Take advantage of FLUX DIGITAL RESOURCE seo tools

The script is fairly simple and merely ties 3 different API’s together, but the output is quite significant. With enough keywords (and time), it can generate thousands of high quality email addresses for webmasters within a specific niche. Collecting this information manually would be nearly impossible.

The output (a .csv file) can be fed directly into your favorite email marketing software and the keywords can simply be those that your site ranks for.

Requirements
Python 3
Google Library (Note: package has no association with Google, LLC)
Free Moz API Key
Free Hunter.io API
Instructions
Clone this repository and install the Google library.
git clone https://github.com/Moe82/SEO-Tools.git
pip install google
Open up keywords.txt (located inside the data directory) and populate it with keywords related to your niche. Each keyword should go on a separate line. Tip: you can download a very large file of keywords that you rank for on search.google.com
Run the script.
python3 webmaster.py
When prompted, enter your Moz API access ID and key and your Hunter.io API Key. Alternatively, you can have the script load your credentials automatically. To do so, paste the text below into a .csv file, save it as credentials.csv, and place it inside the data directory. If a file called credentials.csv is already present inside the data directory, delete the old one and insert the new one that you created.
MOZ_ACCESS_ID,
MOZ_SECRET_KEY,
HUNTER_API_KEY,
As the script runs, the 3 CSV below will be updated as information is collected. Each row in a table represents a contact and each contact includes a first name, last name, email address and its confidence score (as determined by the Hunter.io API), organization, domain, and domain authority. Note that if information for any of these fields is not found, the corresponding cell will be empty.

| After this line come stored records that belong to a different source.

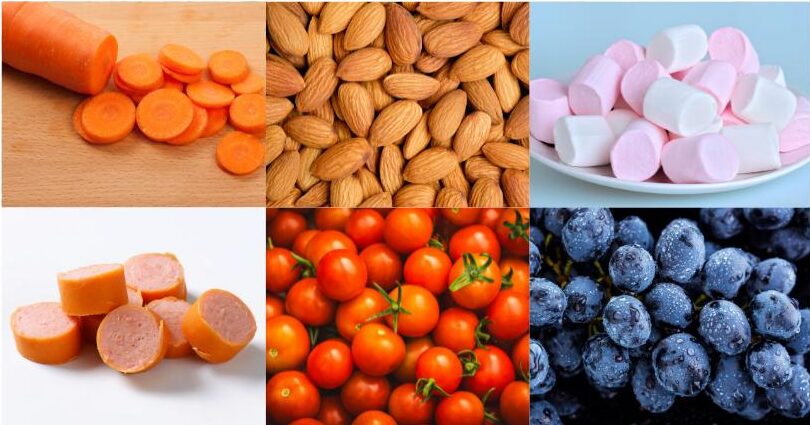 Choking hazards: Small, hard, rounded foods such as whole nuts, seeds, grapes, raw carrots, and pieces of apple can present choking hazards for young children. These foods can be offered to infants over 6 months old if cooked or prepared appropriately, such as cooking, grating, pureeing, or offering nuts and seeds as smooth butters.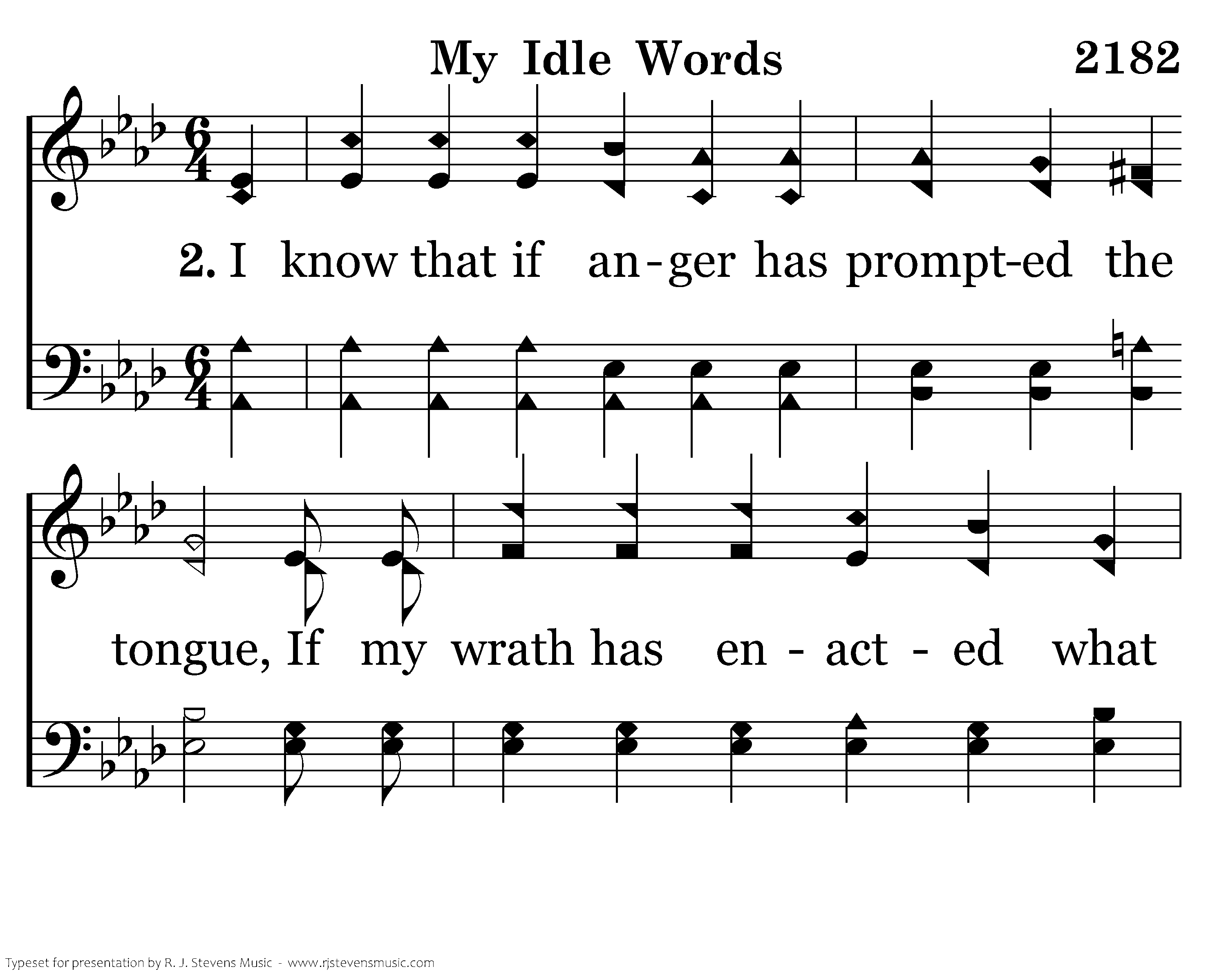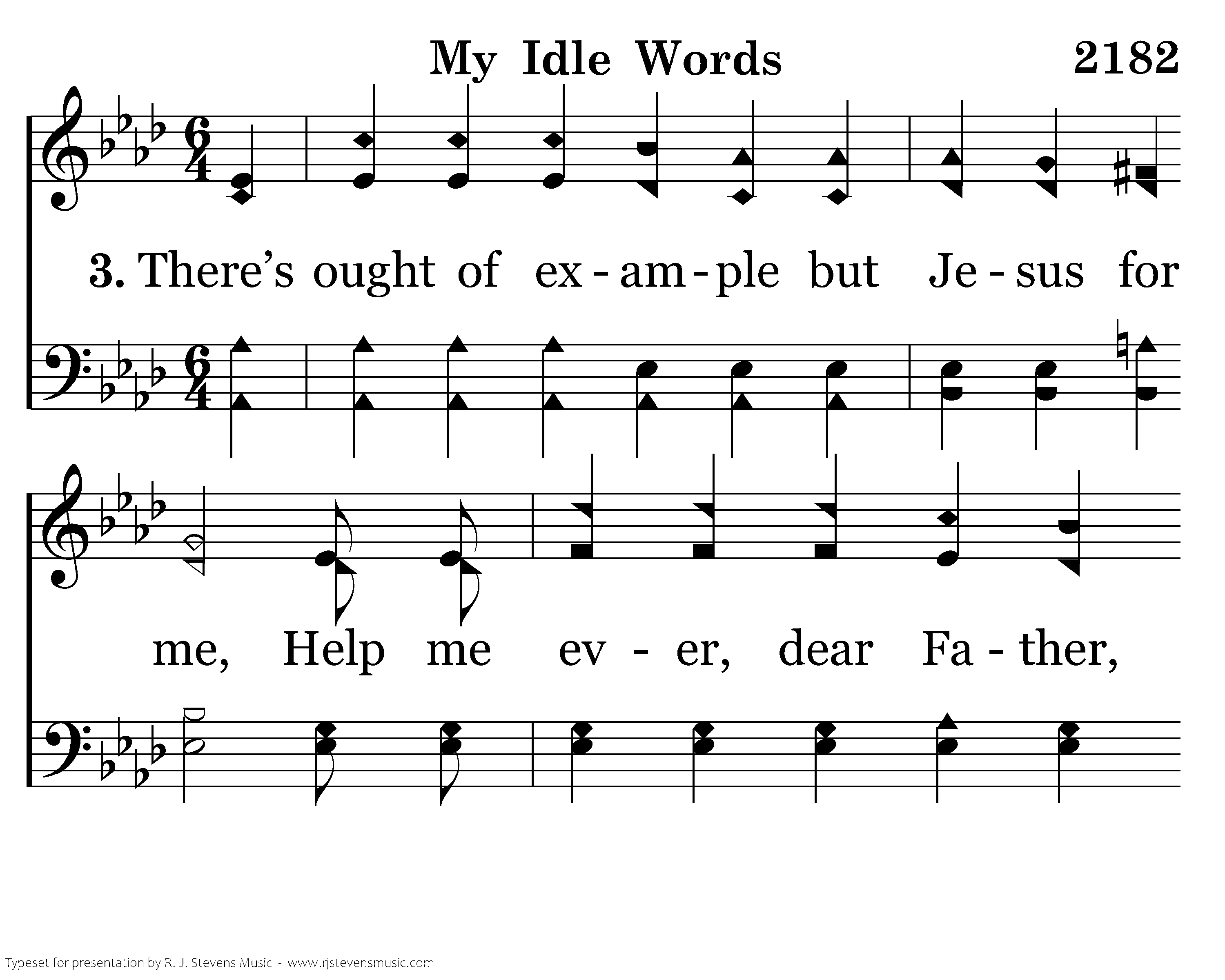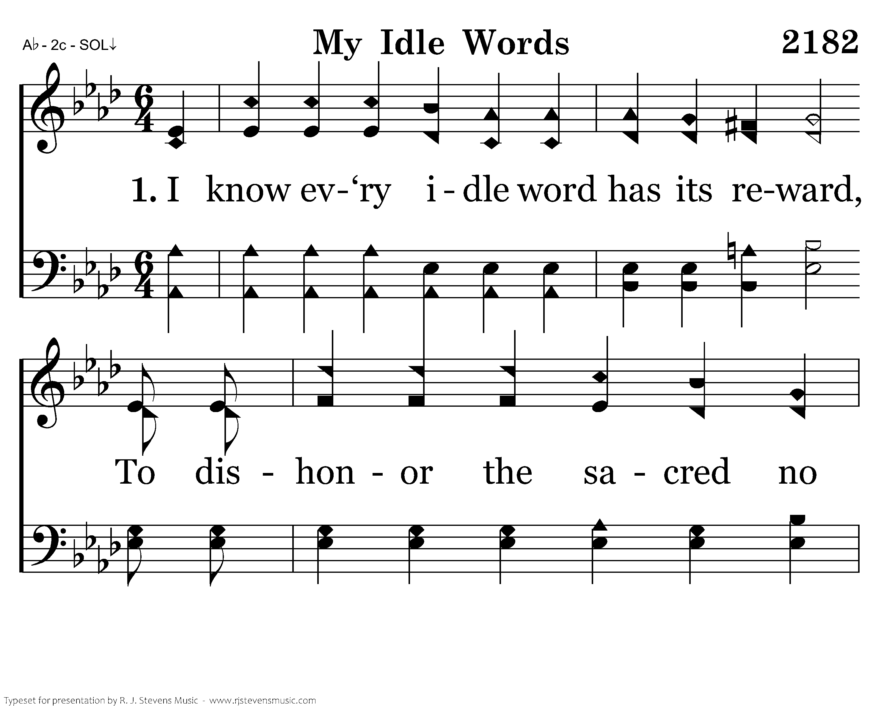 I know ev‘ry idle word has its reward, To dishonor the sacred no true heart accords; Forgive me, dear God, if I’ve uttered a word That would not have been said by my Lord.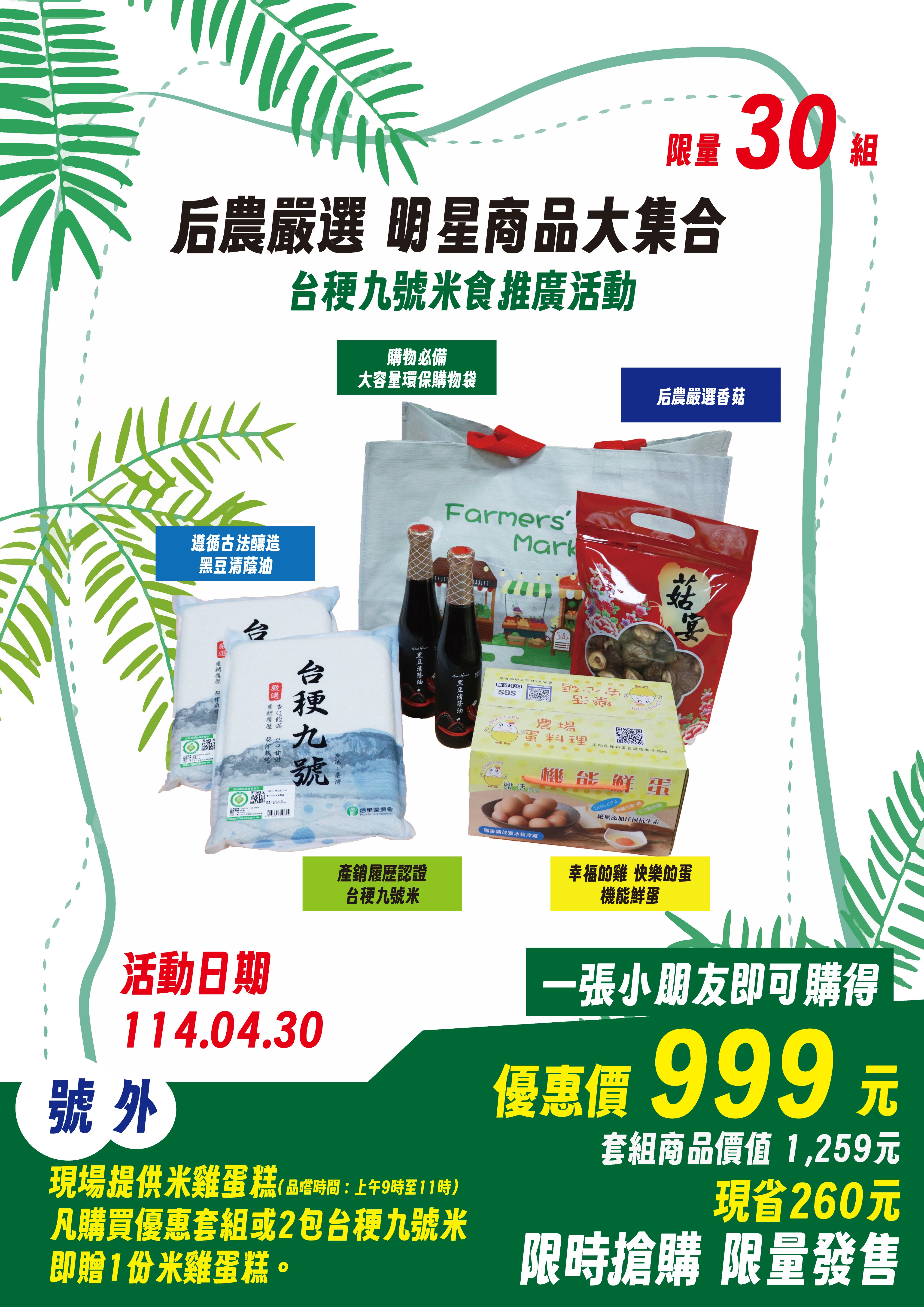 活動時間:4月30日(星期三) 活動地點:后里區農會1樓大廳 活動內容:明星商品優惠大套組 限時限量搶購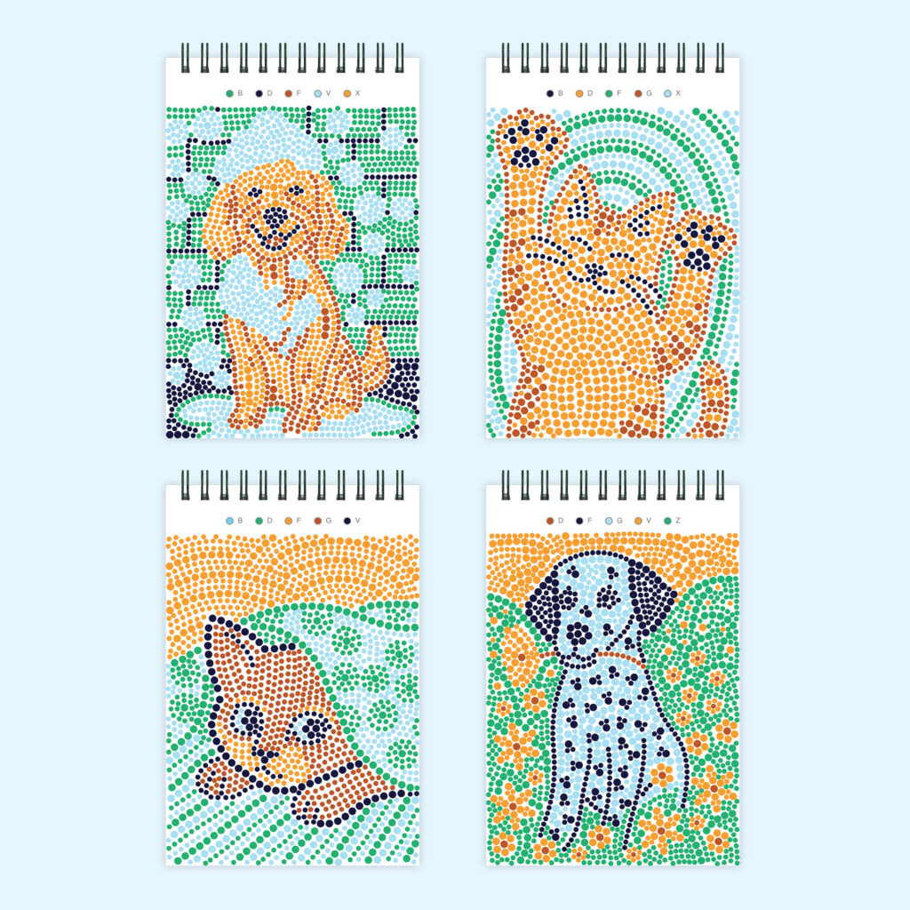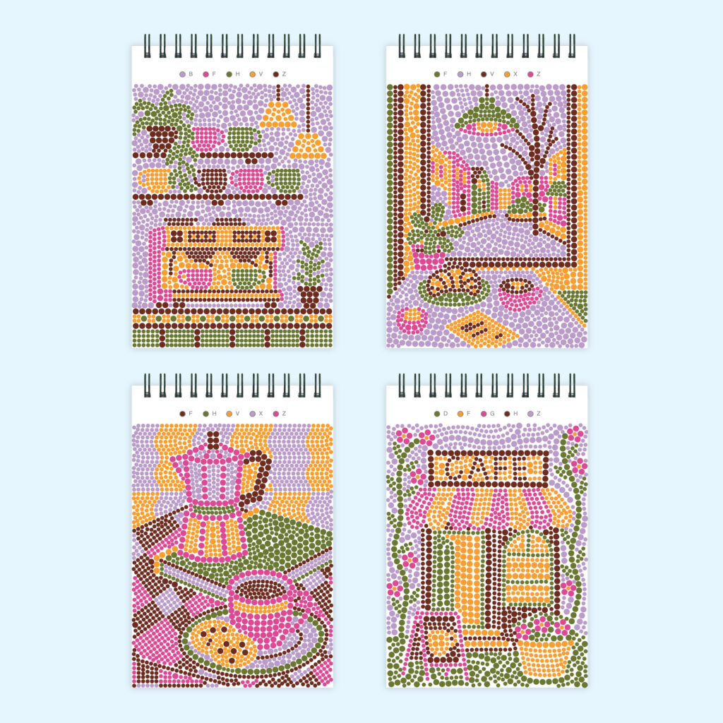 - First, choose a color for each letter and fill in the key at the top of the page. Then, follow the key to dot the letters on the page, creating delightfully cozy scenes.

personal_contact.csv – Email address that are flagged as “personal” and have an associated first name and last name. This is what you want to use for your outreach.
personal_contact_extra.csv – Email address that are flagged as “personal” but don’t have an accociated first name and last name. You can use this list as well, but I find that starting an email with “Dear first_name last_name,” greatly increases response rate.
nonpersonal_contact.csv – All other email addresses (that are not flagged as personal).
history.txt – Contains the domain address for sites that have already been scrapped. This file essentially allows you to terminate the script at any point and resume where you left off when you run it again.
By default, sites with a domain authority score greater than 70 are ignored as such sites generally aren’t good targets for backlink accusation. This value can be changed in line 11 of webmaster.py.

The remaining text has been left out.